Implement compute_cost_with_regularization() which computes the cost given by formula (2). To calculate $\sum\limits_k\sum\limits_j W_{k,j}^{[l]2}$ use np.sum(np.square(Wl))

Note that you have to do this for 𝑊[1], 𝑊[2] and 𝑊[3], then sum the three terms and multiply by $\frac{1}{m} \frac{\lambda}{2}$

# GRADED FUNCTION: compute_cost_with_regularization

def compute_cost_with_regularization(A3, Y, parameters, lambd):
    """
    Implement the cost function with L2 regularization. See formula (2) above.
    
    Arguments:
    A3 -- post-activation, output of forward propagation, of shape (output size, number of examples)
    Y -- "true" labels vector, of shape (output size, number of examples)
    parameters -- python dictionary containing parameters of the model
    
    Returns:
    cost - value of the regularized loss function (formula (2))
    """
    m = Y.shape[1]
    W1 = parameters["W1"]
    W2 = parameters["W2"]
    W3 = parameters["W3"]
    
    cross_entropy_cost = compute_cost(A3, Y) # This gives you the cross-entropy part of the cost
    
    #(≈ 1 lines of code)
    # L2_regularization_cost = 
    # YOUR CODE STARTS HERE
    L2_regularization_cost = 1/m * lambd/2 * (np.sum(np.square(W1))+np.sum(np.square(W2))+np.sum(np.square(W3))) #I don't understand the math
    
    # YOUR CODE ENDS HERE
    
    cost = cross_entropy_cost + L2_regularization_cost
    
    return cost

A3, t_Y, parameters = compute_cost_with_regularization_test_case()
cost = compute_cost_with_regularization(A3, t_Y, parameters, lambd=0.1)
print("cost = " + str(cost))

compute_cost_with_regularization_test(compute_cost_with_regularization)

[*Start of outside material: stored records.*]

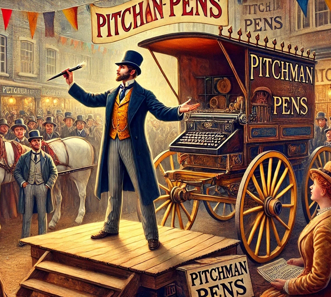 Our founder, a lifelong pitchman himself, was inspired by the colorful history of the "snake-oil" salesmen of old—those charismatic figures who would pitch their elixirs and magical potions from the back of horse-drawn wagons. When it came time to name his new company, he thought of these early salesmen who, despite the questionable nature of their products, mastered the art of the pitch. Thus, Pitchman Pens was born, paying homage to the enduring legacy of persuasive selling and the timeless appeal of a well-crafted pitch.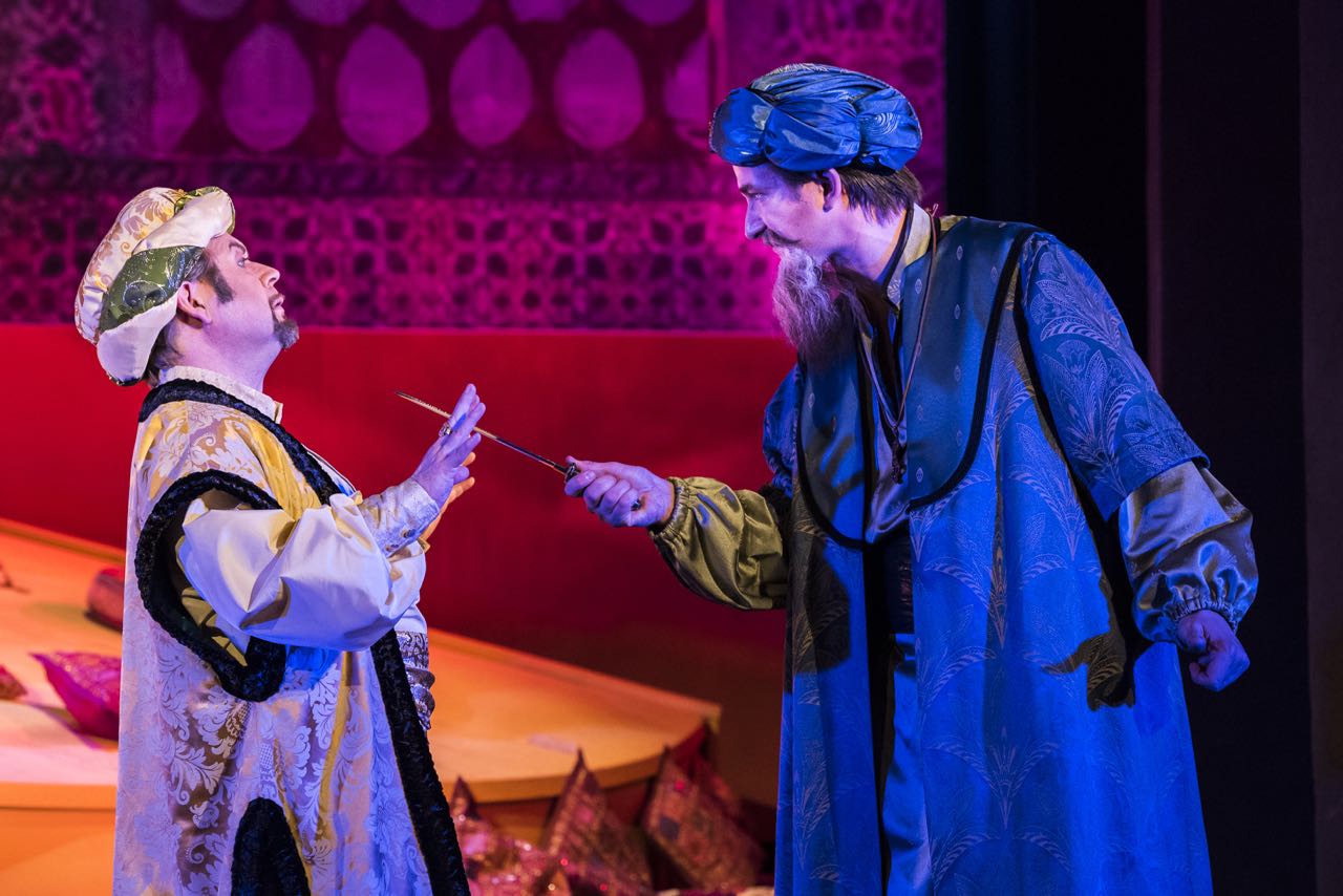 In seiner Liebe entlässt der Kalif seinen kompletten Harem, weil er Marsinah heiraten will. Da hat aber der gefürchtete Wesir etwas dagegen, auch wenn seine Frau, die bauchtanzende und männer-affine Lalume (Laila Salome Fischer) eigentlich das Sagen hat. Um es kurz zu machen, der Poeten-Bettler schafft es bis in den Palast, wie bei Märchen üblich. Auch die bis an die Zähne bewaffnete Wache kommt zum Einsatz.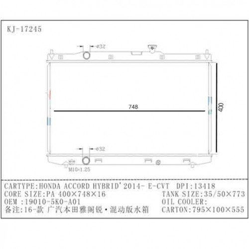 RADIADOR HONDA ACCORD HYBRID E-CVT 2014- 17245 19010-5K0-A01 400X748X16

Of course, because you changed the cost, you have to change backward propagation as well! All the gradients have to be computed with respect to this new cost.

Exercise 2 - backward_propagation_with_regularization

Implement the changes needed in backward propagation to take into account regularization. The changes only concern dW1, dW2 and dW3. For each, you have to add the regularization term's gradient $\frac{d}{dW} ( \frac{1}{2}\frac{\lambda}{m} W^2) = \frac{\lambda}{m} W$

# GRADED FUNCTION: backward_propagation_with_regularization

def backward_propagation_with_regularization(X, Y, cache, lambd):
    """
    Implements the backward propagation of our baseline model to which we added an L2 regularization.
    
    Arguments:
    X -- input dataset, of shape (input size, number of examples)
    Y -- "true" labels vector, of shape (output size, number of examples)
    cache -- cache output from forward_propagation()
    lambd -- regularization hyperparameter, scalar
    
    Returns:
    gradients -- A dictionary with the gradients with respect to each parameter, activation and pre-activation variables
    """
    
    m = X.shape[1]
    (Z1, A1, W1, b1, Z2, A2, W2, b2, Z3, A3, W3, b3) = cache
    
    dZ3 = A3 - Y
    #(≈ 1 lines of code)
    # dW3 = 1./m * np.dot(dZ3, A2.T) + None
    # YOUR CODE STARTS HERE
    dW3 = 1./m * np.dot(dZ3, A2.T) + lambd/m * W3
    
    # YOUR CODE ENDS HERE
    db3 = 1. / m * np.sum(dZ3, axis=1, keepdims=True)
    
    dA2 = np.dot(W3.T, dZ3)
    dZ2 = np.multiply(dA2, np.int64(A2 > 0))
    #(≈ 1 lines of code)
    # dW2 = 1./m * np.dot(dZ2, A1.T) + None
    # YOUR CODE STARTS HERE
    dW2 = 1./m * np.dot(dZ2, A1.T) + lambd/m * W2
    
    # YOUR CODE ENDS HERE
    db2 = 1. / m * np.sum(dZ2, axis=1, keepdims=True)
    
    dA1 = np.dot(W2.T, dZ2)
    dZ1 = np.multiply(dA1, np.int64(A1 > 0))
    #(≈ 1 lines of code)
    # dW1 = 1./m * np.dot(dZ1, X.T) + None
    # YOUR CODE STARTS HERE
    dW1 = 1./m * np.dot(dZ1, X.T) + lambd/m * W1
    
    # YOUR CODE ENDS HERE
    db1 = 1. / m * np.sum(dZ1, axis=1, keepdims=True)
    
    gradients = {"dZ3": dZ3, "dW3": dW3, "db3": db3,"dA2": dA2,
                 "dZ2": dZ2, "dW2": dW2, "db2": db2, "dA1": dA1, 
                 "dZ1": dZ1, "dW1": dW1, "db1": db1}
    
    return gradients

t_X, t_Y, cache = backward_propagation_with_regularization_test_case()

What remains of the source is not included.